Adjusted EBITDA for the quarter ended June 30, 2017 totaled $7,167 compared to adjusted EBITDA of $(33,447) for the quarter ended June 30, 2016 (see definition and further discussion about the presentation of a EBITDA, a non-GAAP term, below).
Use of Non-GAAP Financial Information
The Company believes that the presentation of results excluding certain items in “Adjusted EBITDA,” such as non-cash equity compensation charges, provides meaningful supplemental information to both management and investors, facilitating the evaluation of performance across reporting periods. The Company uses these non-GAAP measures for internal planning and reporting purposes. These non-GAAP measures are not in accordance with, or an alternative for, generally accepted accounting principles and may be different from non-GAAP measures used by other companies. The presentation of this additional information is not meant to be considered in isolation or as a substitute for net income or net income per share prepared in accordance with generally accepted accounting principles.
Set forth below is a reconciliation of Adjusted EBITDA to net income (loss):
|Three Months Ended|
|Depreciation and Amortization||19,524||11,121|
|Share based compensation (option comp, warrant comp, stock issued for services)||325,408||98,000|
About GrowGeneration Corp.:
GrowGeneration Corp. (“GrowGen”) owns and operates specialty retail hydroponic and organic gardening stores. Currently, GrowGen has 13 stores, which includes 10 locations in Colorado, two locations in California and one location in Las Vegas. GrowGen carries and sells thousands of products, including organic nutrients and soils, advanced lighting technology and state of the art hydroponic equipment to be used indoors and outdoors by commercial and home growers. Our mission is to own and operate GrowGeneration branded stores in all the major legalized cannabis states. Management estimates that roughly 1,000 hydroponic stores are in operation in the U.S. According to New Frontier Data, the U.S. cannabis market was $5.7 billion in 2015 and is expected to have reached $7.2 billion at the end of 2016. By 2020 the market is estimated to reach over $23 billion with a compound annual growth rate of 32%.

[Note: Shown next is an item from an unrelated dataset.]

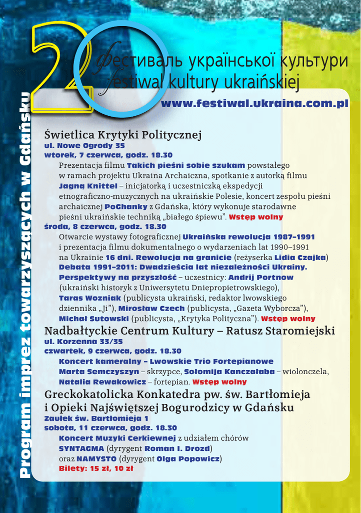 www.festiwal.ukraina.com.pl Świetlica Krytyki Politycznej ul. Nowe Ogrody 35 wtorek, 7 czerwca, godz. 18.30 Prezentacja filmu Takich pieśni sobie szukam powstałego w ramach projektu Ukraina Archaiczna, spotkanie z autorką filmu Jagną Knittel – inicjatorką i uczestniczką ekspedycji etnograficzno-muzycznych na ukraińskie Polesie, koncert zespołu pieśni archaicznej PoGhanky z Gdańska, który wykonuje starodawne pieśni ukraińskie techniką „białego śpiewu”. Wstęp wolny środa, 8 czerwca, godz. 18.30 Otwarcie wystawy fotograficznej Ukraińska rewolucja 1987–1991 i prezentacja filmu dokumentalnego o wydarzeniach lat 1990–1991 na Ukrainie 16 dni. Rewolucja na granicie (reżyserka Lidia Czajka) Debata 1991–2011: Dwadzieścia lat niezależności Ukrainy. Perspektywy na przyszłość – uczestnicy: Andrij Portnow (ukraiński historyk z Uniwersytetu Dniepropietrowskiego), Taras Wozniak (publicysta ukraiński, redaktor lwowskiego dziennika „Ji”), Mirosław Czech (publicysta, „Gazeta Wyborcza”), Michał Sutowski (publicysta, „Krytyka Polityczna”). Wstęp wolny Nadbałtyckie Centrum Kultury – Ratusz Staromiejski ul. Korzenna 33/35 czwartek, 9 czerwca, godz. 18.30 Koncert kameralny – Lwowskie Trio Fortepianowe Marta Semczyszyn – skrzypce, Sołomija Kanczałaba – wiolonczela, Natalia Rewakowicz – fortepian. Wstęp wolny Greckokatolicka Konkatedra pw. św. Bartłomieja i Opieki Najświętszej Bogurodzicy w Gdańsku Zaułek św. Bartłomieja 1 sobota, 11 czerwca, godz. 18.30 Koncert Muzyki Cerkiewnej z udziałem chórów SYNTAGMA (dyrygent Roman I. Drozd) oraz NAMYSTO (dyrygent Olga Popowicz) Bilety: 15 zł, 10 zł współpraca patronat medialny zrealizowano dzięki dotacji ] ] organizator ] Parafia Greckokatolicka w Gdańsku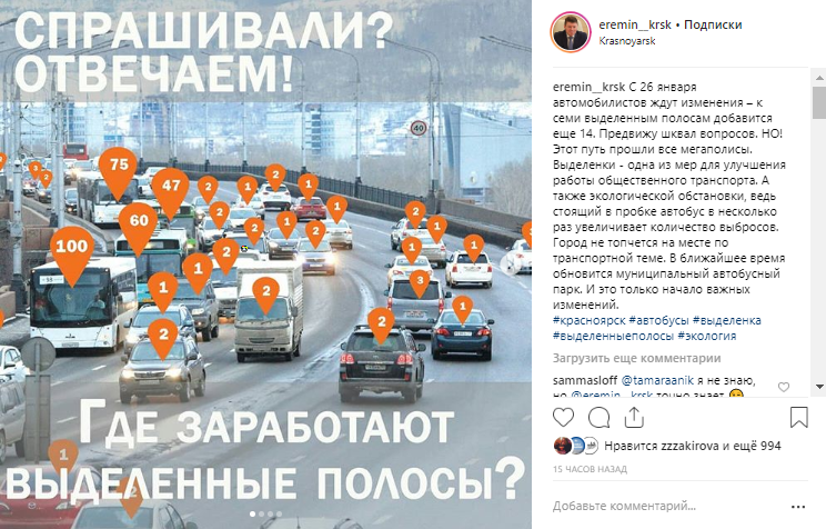 В комментариях к посту мэра красноярцы всё же начали задавать вопросы. Многие привели довод, что Красноярск не мегаполис. Тут, в отличие от Москвы, есть метро как альтернативный транспорт и гораздо больше выделенных полос. Кто-то предположил, что из-за «выделенок» работа маршруток, а тем более экология не улучшатся, пробок станет еще больше:

Forward Looking Statements:
This press release may include predictions, estimates or other information that might be considered forward-looking within the meaning of applicable securities laws. While these forward-looking statements represent our current judgments, they are subject to risks and uncertainties that could cause actual results to differ materially. You are cautioned not to place undue reliance on these forward-looking statements, which reflect our opinions only as of the date of this release. Please keep in mind that we are not obligating ourselves to revise or publicly release the results of any revision to these forward-looking statements in light of new information or future events. When used herein, words such as “look forward,” “believe,” “continue,” “building,” or variations of such words and similar expressions are intended to identify forward-looking statements. Factors that could cause actual results to differ materially from those contemplated in any forward-looking statements made by us herein are often discussed in filings we make with the United States Securities and Exchange Commission, available at: www.sec.gov, and on our website, at: www.growgeneration.com.